• **Problem to work on**: Please set down exactly the lines of the listing below from the line containing "Hot Sell Fashoin" through the line containing "Pot en plastique rouge à décor floral.", both lines included, leaving out all other lines.

• **Dataset records**:
────────────────────────────────────────

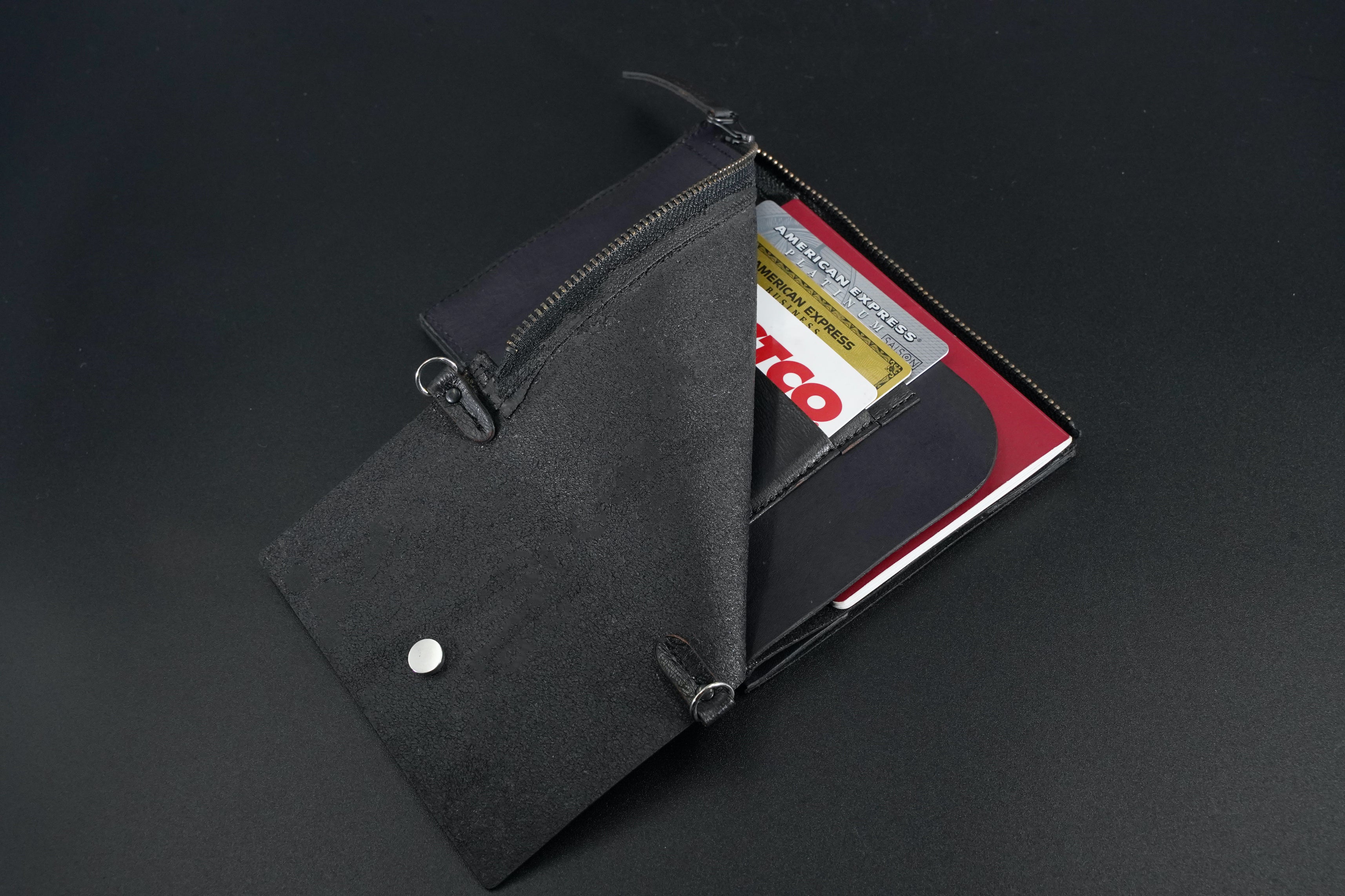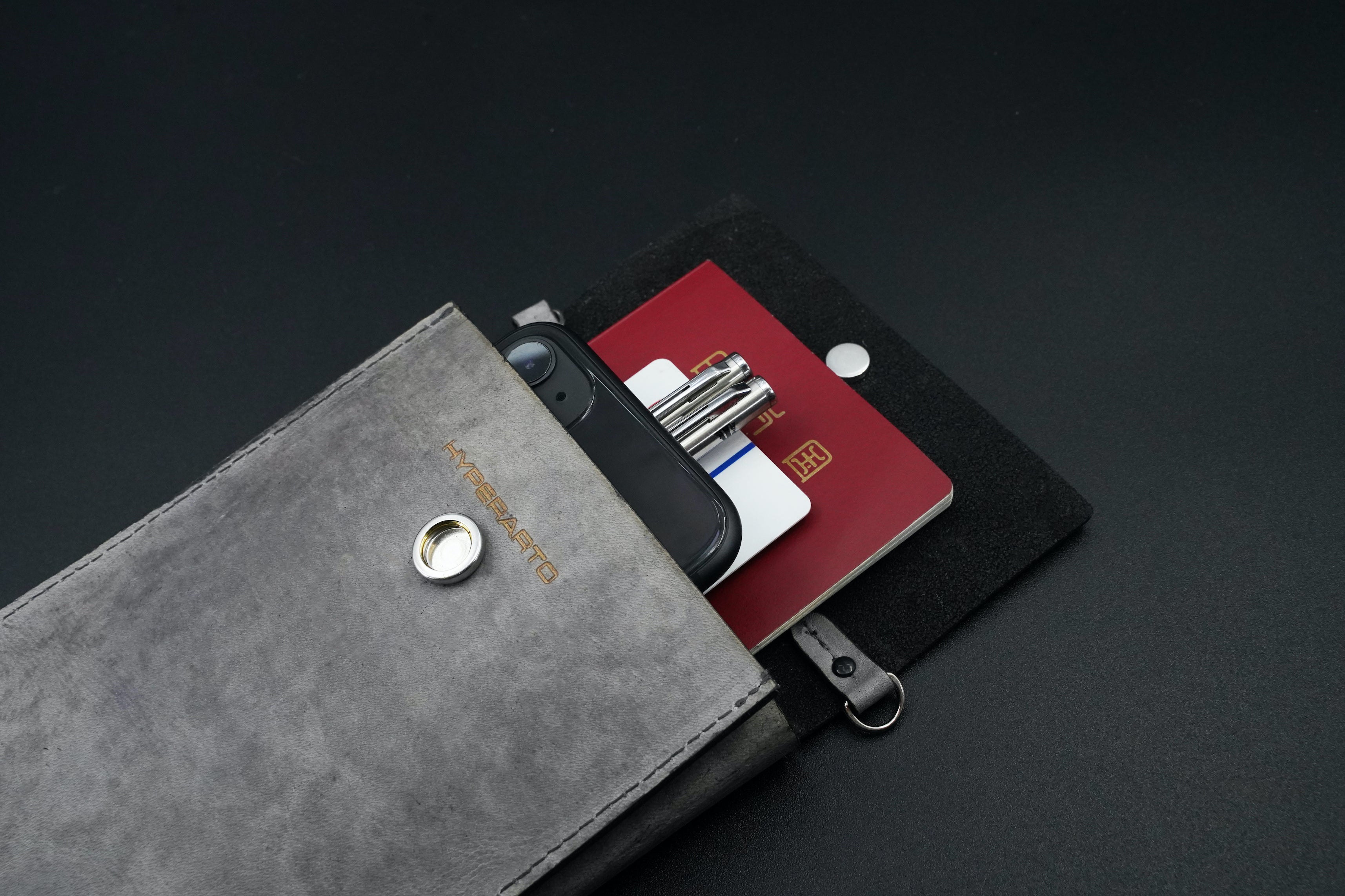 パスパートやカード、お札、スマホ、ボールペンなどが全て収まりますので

────────────────────────────────────────

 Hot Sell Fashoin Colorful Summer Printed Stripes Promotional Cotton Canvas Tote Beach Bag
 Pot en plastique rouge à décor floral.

────────────────────────────────────────

• **Result of the exercise**:
 Hot Sell Fashoin Colorful Summer Printed Stripes Promotional Cotton Canvas Tote Beach Bag
 Pot en plastique rouge à décor floral.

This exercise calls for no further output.